▶ Raw data
==================================================

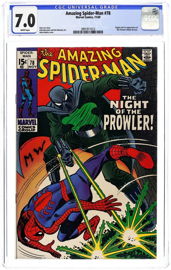 First appearance of the Prowler in "The Night of the Prowler!" Part 1 of 2. Script by Stan Lee. Art by John Buscema (layouts) and Jim Mooney (finishes). Cover by John Romita. In order to make a name for himself, a down on his luck window washer named Hobie Brown becomes a super-villain. And using his own ideas and equipment, Hobie creates weapons and a costume -- and the Prowler is born! In the meantime, Peter Parker is also feeling downtrodden after seeing Gwen Stacy and Flash Thompson having coffee together. Later that evening, Peter stops by the Daily Bugle hoping for a payday advance. But instead he sees the Prowler stealing the Bugle's payroll bag! And suddenly it's the Prowler vs. Peter Parker...with J. Jonah Jameson standing by! Origin of the Prowler. Cameo appearances by Harry Osborn, Joe Robertson, and Mindy Brown. (Note: This story was reprinted in Marvel Tales #59.) 36 pages. Cover price $0.15. Grade: CGC 7.0 explanation of grade Condition: Used (collectible)
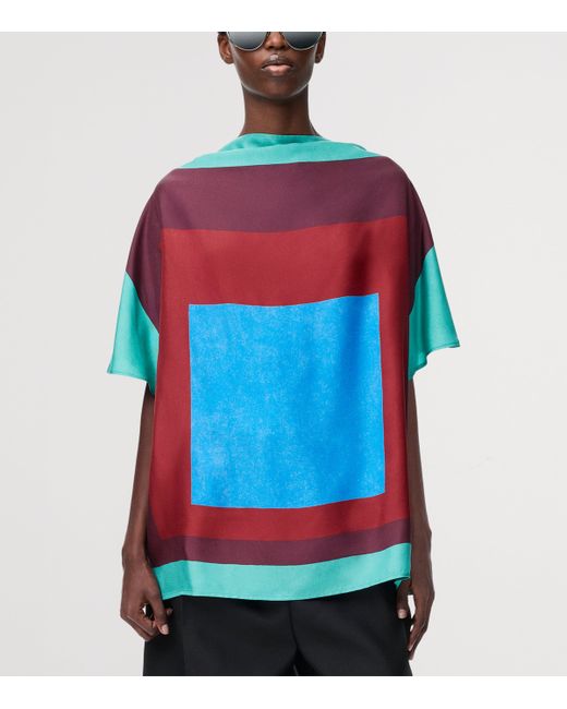 This silk T-shirt from loewe's latest release offers the lightweight, fluid drape of a scarf top, but with a more structured wearing experience. The geometric, colour-blocked design speaks of classic neckwear, alluding to loewe's subversive design philosophy.
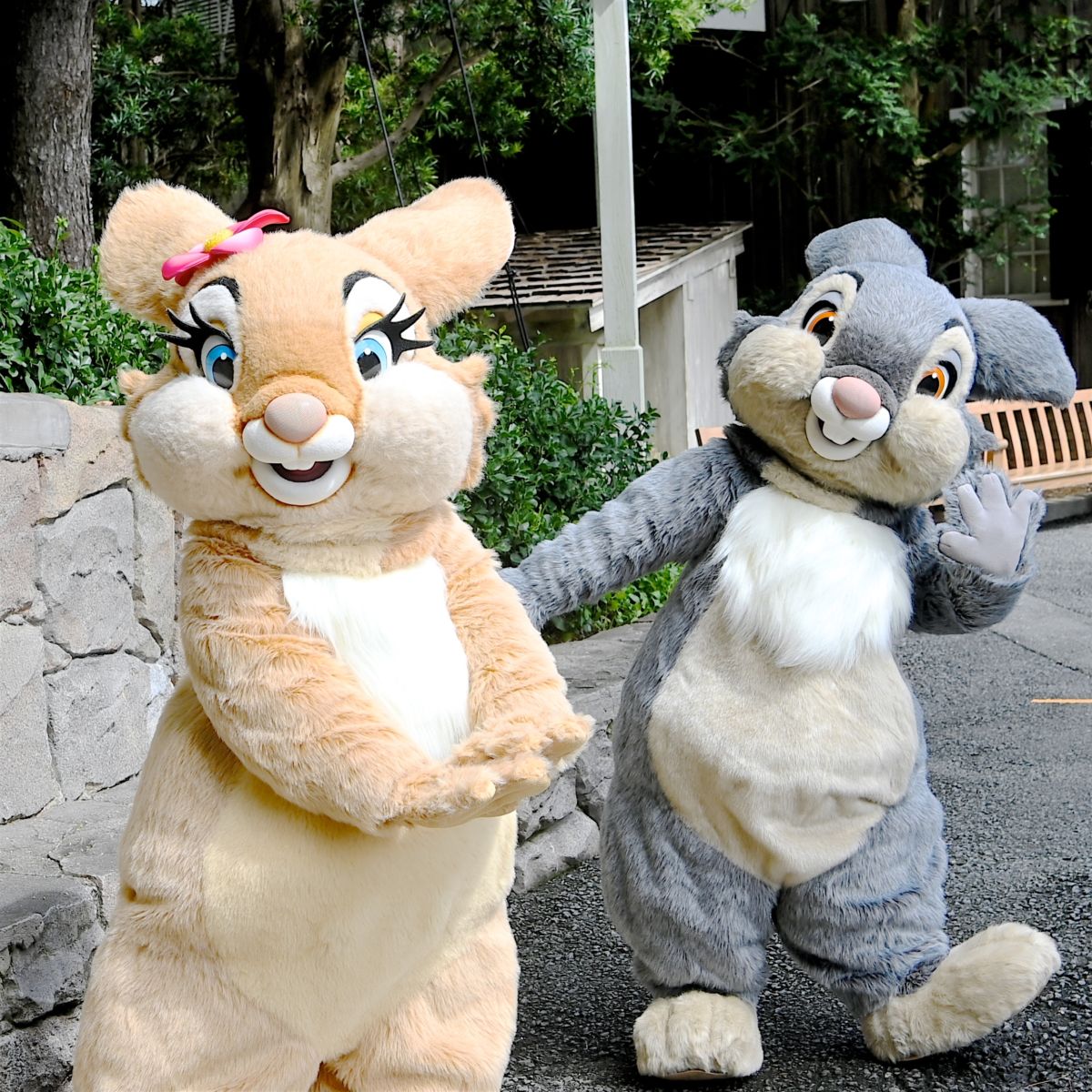 ディズニー映画『バンビ』に登場するうさぎのキャラクター「とんすけ(サンパー)」と「ミス・バニー」が整列グリーティングに登場!
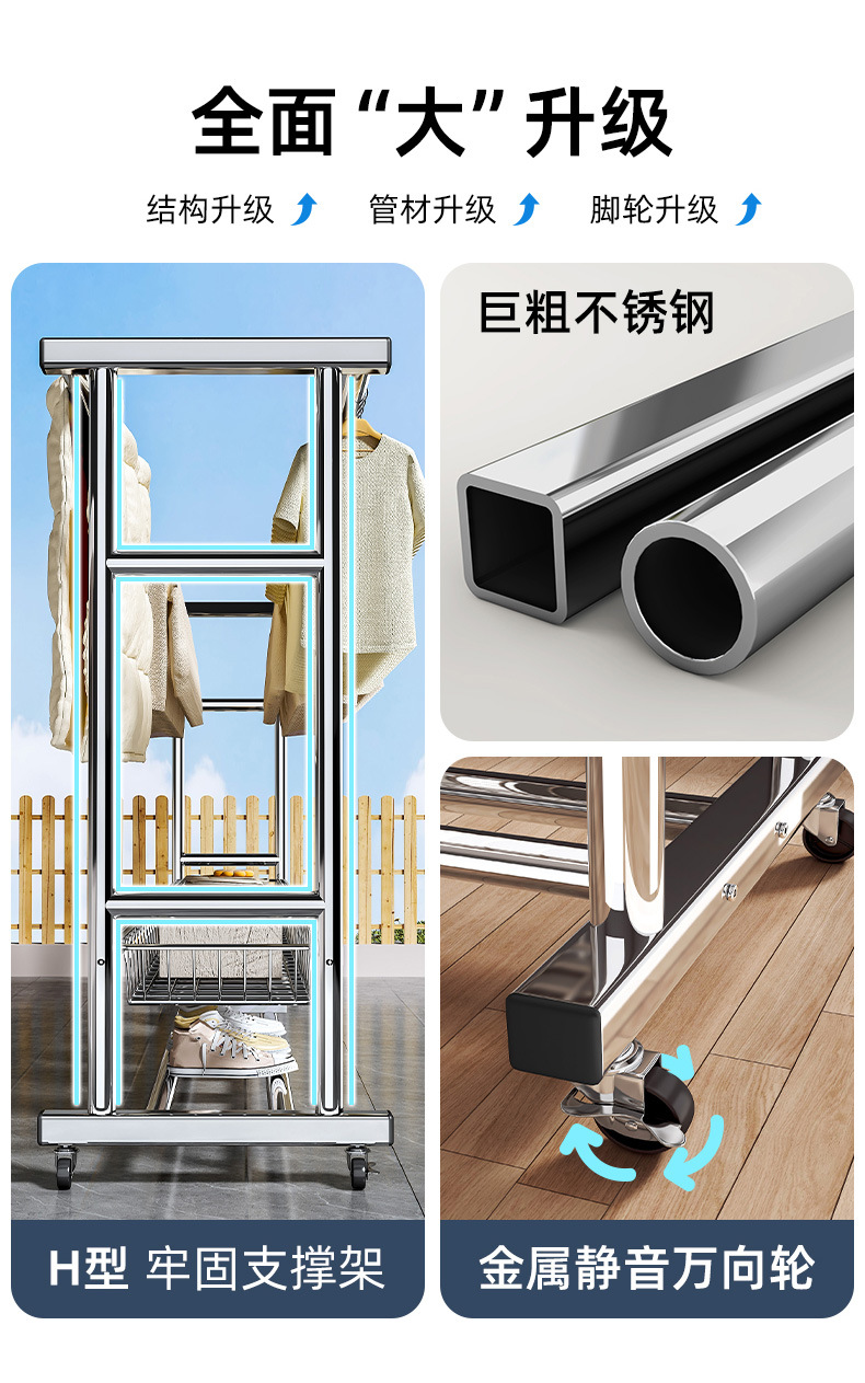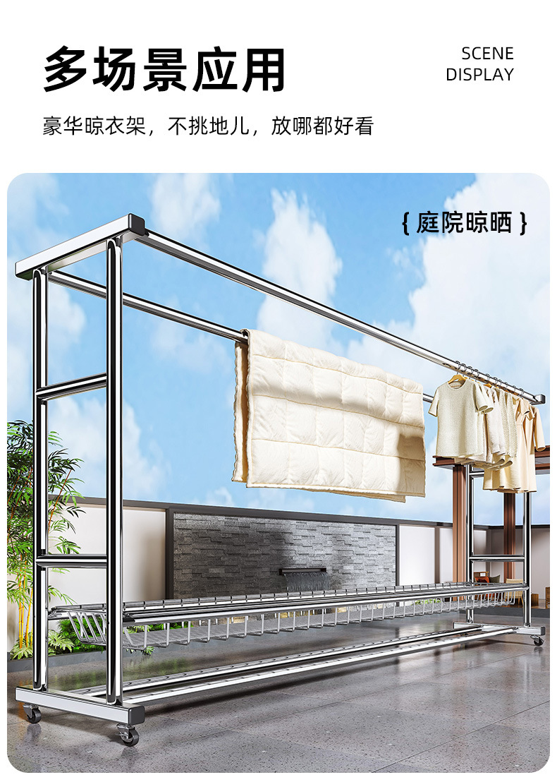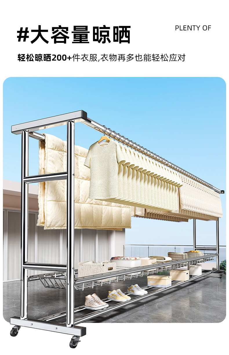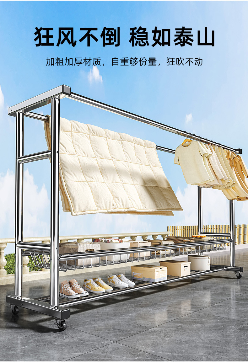 bold stainless steel 150cm double rod-double-layer mesh frame + universal wheel
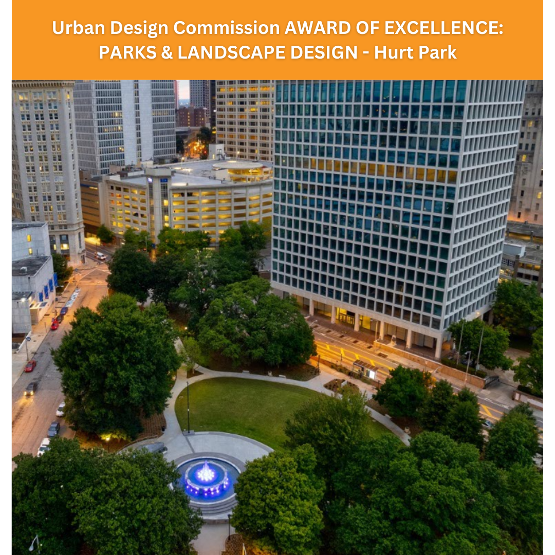 On June 23, HURT PARK was recognized by the Atlanta Urban Design Commission, with an Award of Excellence for Parks & Landscape Design. Hurt Park played a prominent role in downtown Atlanta morphing into a thriving city center, and later served as a venue in 1963 for Martin Luther King Jr to address civil rights activists. Principal Lauren Standish led the team alongside project partners to revitalize the site by designing a safe, equitable, inspirational park space.
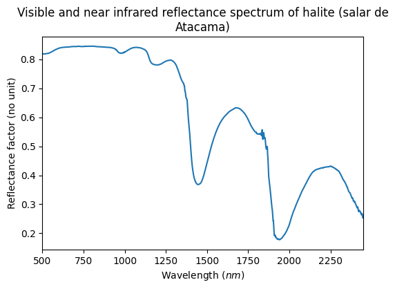 Visible and near infrared reflectance spectrum of halite (salar de Atacama)
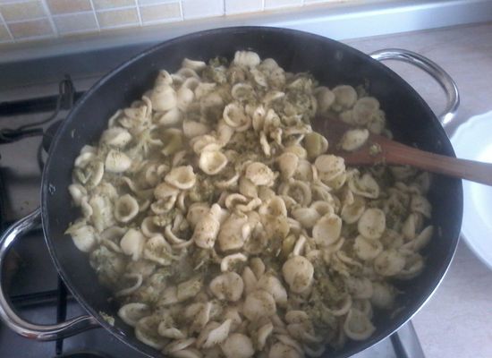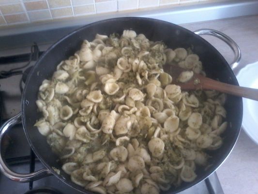 Orecchiette alle cime di rapa is a famous dish of Bari. Bari is the capital city of the Metropolitan City of Bari and is located in the region of Apulia. It is considered to be the second most important economic centre of mainland Southern Italy after Naples. Orecchiette, which mean "little ears" in Italian, is the most typical pasta dish that you can get in Bari and Apulia. The origin of this pasta shape comes from France.
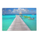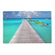 Placemat with a wooden jetty with some colorful boats and a thatched hut in the turquoise blue lagoon of the tropical, Pacific island Rangiroa, close to Tahiti and Bora Bora in French Polynesia.
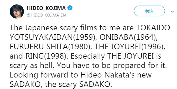 小岛秀夫:《女幽灵》真的是太**吓人了,看片之前务必做好准备。同时大家一定要去看中田秀夫导演的新作《贞子》,真的很恐怖。
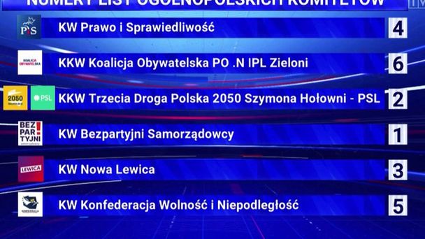 Infografika z numerami list wyborczych, wylosowanych przez Państwową Komisję Wyborczą dla sześciu komitetów, które zarejestrowały kandydatów we wszystkich okręgach, pojawiły się w piątkowych „Wiadomościach” w materiale Bartłomieja Graczaka.
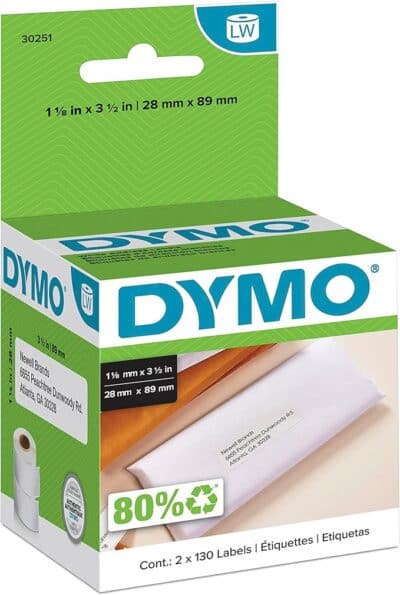 DYMO Authentic LW Mailing Address Labels | DYMO Labels for LabelWriter Label Printers (1-1/8″ x 3-1/2″), 2 Rolls of 130 (260 Total)

==================================================

▶ Exercise objective
Without copying any images, transcribe the records exactly as they stand.

▶ Completed task
 First appearance of the Prowler in "The Night of the Prowler!" Part 1 of 2. Script by Stan Lee. Art by John Buscema (layouts) and Jim Mooney (finishes). Cover by John Romita. In order to make a name for himself, a down on his luck window washer named Hobie Brown becomes a super-villain. And using his own ideas and equipment, Hobie creates weapons and a costume -- and the Prowler is born! In the meantime, Peter Parker is also feeling downtrodden after seeing Gwen Stacy and Flash Thompson having coffee together. Later that evening, Peter stops by the Daily Bugle hoping for a payday advance. But instead he sees the Prowler stealing the Bugle's payroll bag! And suddenly it's the Prowler vs. Peter Parker...with J. Jonah Jameson standing by! Origin of the Prowler. Cameo appearances by Harry Osborn, Joe Robertson, and Mindy Brown. (Note: This story was reprinted in Marvel Tales #59.) 36 pages. Cover price $0.15. Grade: CGC 7.0 explanation of grade Condition: Used (collectible)
 This silk T-shirt from loewe's latest release offers the lightweight, fluid drape of a scarf top, but with a more structured wearing experience. The geometric, colour-blocked design speaks of classic neckwear, alluding to loewe's subversive design philosophy.
 ディズニー映画『バンビ』に登場するうさぎのキャラクター「とんすけ(サンパー)」と「ミス・バニー」が整列グリーティングに登場!
 bold stainless steel 150cm double rod-double-layer mesh frame + universal wheel
 On June 23, HURT PARK was recognized by the Atlanta Urban Design Commission, with an Award of Excellence for Parks & Landscape Design. Hurt Park played a prominent role in downtown Atlanta morphing into a thriving city center, and later served as a venue in 1963 for Martin Luther King Jr to address civil rights activists. Principal Lauren Standish led the team alongside project partners to revitalize the site by designing a safe, equitable, inspirational park space.
 Visible and near infrared reflectance spectrum of halite (salar de Atacama)
 Orecchiette alle cime di rapa is a famous dish of Bari. Bari is the capital city of the Metropolitan City of Bari and is located in the region of Apulia. It is considered to be the second most important economic centre of mainland Southern Italy after Naples. Orecchiette, which mean "little ears" in Italian, is the most typical pasta dish that you can get in Bari and Apulia. The origin of this pasta shape comes from France.
 Placemat with a wooden jetty with some colorful boats and a thatched hut in the turquoise blue lagoon of the tropical, Pacific island Rangiroa, close to Tahiti and Bora Bora in French Polynesia.
 小岛秀夫:《女幽灵》真的是太**吓人了,看片之前务必做好准备。同时大家一定要去看中田秀夫导演的新作《贞子》,真的很恐怖。
 Infografika z numerami list wyborczych, wylosowanych przez Państwową Komisję Wyborczą dla sześciu komitetów, które zarejestrowały kandydatów we wszystkich okręgach, pojawiły się w piątkowych „Wiadomościach” w materiale Bartłomieja Graczaka.
 DYMO Authentic LW Mailing Address Labels | DYMO Labels for LabelWriter Label Printers (1-1/8″ x 3-1/2″), 2 Rolls of 130 (260 Total)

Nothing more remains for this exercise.